The Offeror has now extended the expiry time of the Offer,
from 8:00 pm (Toronto time) on January 11, 2012, to 8:00 p.m.
(Toronto time) on February 16, 2012, unless the Offer is
further extended or withdrawn. By virtue of this extension,
the "CDI Expiry Time" as defined in the Offer and Offer
documents, has been automatically extended to 7:00 p.m.
(Sydney time) on February 14, 2012, unless the Offer is
further extended or withdrawn.
Since the initial announcement of the takeover bid on
September 29, 2011, Anvil and MMR have been consulting with
various stakeholders in the Democratic Republic of Congo
("DRC").
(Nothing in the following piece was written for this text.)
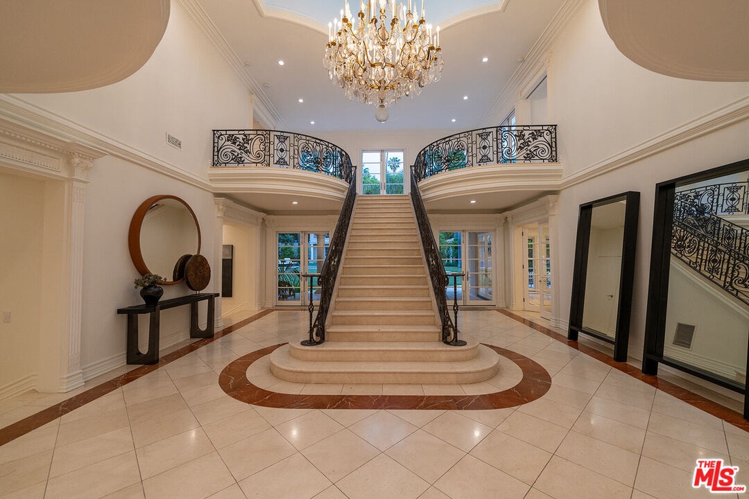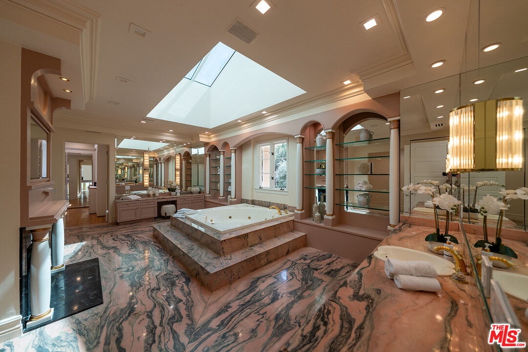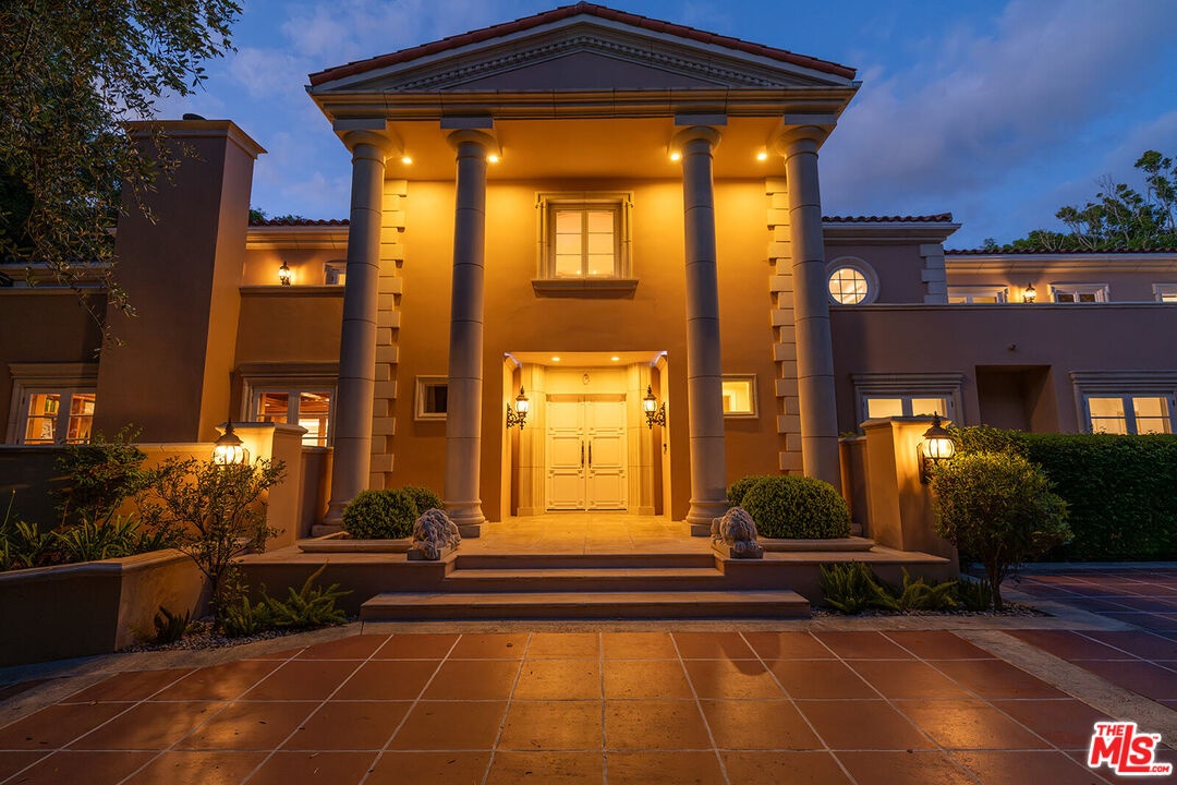 Perched above a long gated driveway, this Grand Mediterranean sits on over an acre of gorgeous resort-like grounds with night lit tennis court. Step inside double doors to discover impressive 2-story entry with skylights and marbled staircase. Enormous stepdown living room highlighted by fireplace, beautiful wood paneled office with wet bar, large formal dining room and decorative kitchen with top-of-the-line appliances, oversized center island and adjacent breakfast room. Extraordinary primary suite features another full living room with fireplace and two separate sumptuous baths highlighted by skylights, jacuzzi tubs, sauna and large walk-in closets. There are 4 additional family bedrooms upstairs, each en suite with walk-in closets and balcony access. Second staircase leads down to spacious family room with fireplace and game room/nook. French doors from almost every living space lead to expansive verandas with outdoor seating, built-in BBQ and pizza oven, and manicured gardens with lush grassy lawn perfect for entertaining! Detached 2-story 2bedroom guest house with kitchen overlooks enticing sparkling pool and spa. Temp controlled wine cellar, 2 staff quarters with shared living space, 2 laundry rooms, solar panels and 3-car garage complete this magnificent estate.

As announced on October 31, 2011, during
consultations with La Générale des Carrières et des Mines
Sarl ("Gécamines"), Anvil and MMR were advised that if the
takeover is completed without Gécamines' prior approval,
Anvil's local DRC subsidiaries would be in breach of the
terms of the lease of the mineral tenure for the Kinsevere
Project and the terms of the joint venture agreement in
respect of the Mutoshi Project. There can be no assurance
that the parties will reach agreement on the terms of revised
commercial arrangements with Gécamines. The approval of MMR
would be required in order for Anvil to implement revised
arrangements with Gécamines.
The Kinsevere Project is held as to 95% by a wholly-owned
Congolese subsidiary of Anvil, which in turn holds a lease
from Gécamines of the underlying mineral tenures. The
remaining 5% interest in the Kinsevere Project is held by a
private Congolese company, Mining Company Katanga SPRL
("MCK"). During the course of the ongoing discussions with
Gécamines, Anvil and MMR have been advised by MCK that its
prior approval of the takeover bid is required. MCK has also
made allegations to the effect that its rights under the
shareholders' agreement governing the Kinsevere Project have
not been respected by Anvil.
Anvil's position is that there is no legal requirement for
the approval of either Gécamines' or
MCK under any of its contractual documentation with either
entity in connection with the
proposed change of control and that Anvil has fully complied
with its contractual obligations. As previously disclosed,
there will be a requirement to give Gécamines a right of
pre-emption in connection with the Mutoshi Project, which MMR
and Anvil are fully aware of and intend to comply with. MMR
and Anvil have previously agreed that Anvil's 70% interest in
the Mutoshi Project has a value of US$52.5 million.
Discussions with each of Gécamines and MCK by Anvil and its
advisors and with MMR are ongoing. There can be no assurance
that the parties will reach agreement on revised commercial
arrangements with Gécamines or any agreement with MCK
relating to its demands and allegations, in both cases on
terms satisfactory to MMR. Consequently, there can be no
assurance that MMR will consummate the Offer.
The Offeror has retained Kingsdale Shareholder Services Inc.
("Kingsdale") as information agent to respond to inquiries
from Anvil shareholders regarding the Offer. Kingsdale may be
contacted toll-free at 1-866-581-1392 or collect from outside
North America at +1-416-867-
2272. The Depositary for the Offer is Computershare Investor
Services Inc. Inquiries should be directed to 1-800564-6253
or corporateactions@computershare.com.
This news release is for information purposes only and is not
a substitute for the filed Offer and takeover bid circular
and Anvil directors' circular. There can be no assurance that
the conditions of the Offer will be satisfied, or that the
transaction will be completed as proposed, or at all.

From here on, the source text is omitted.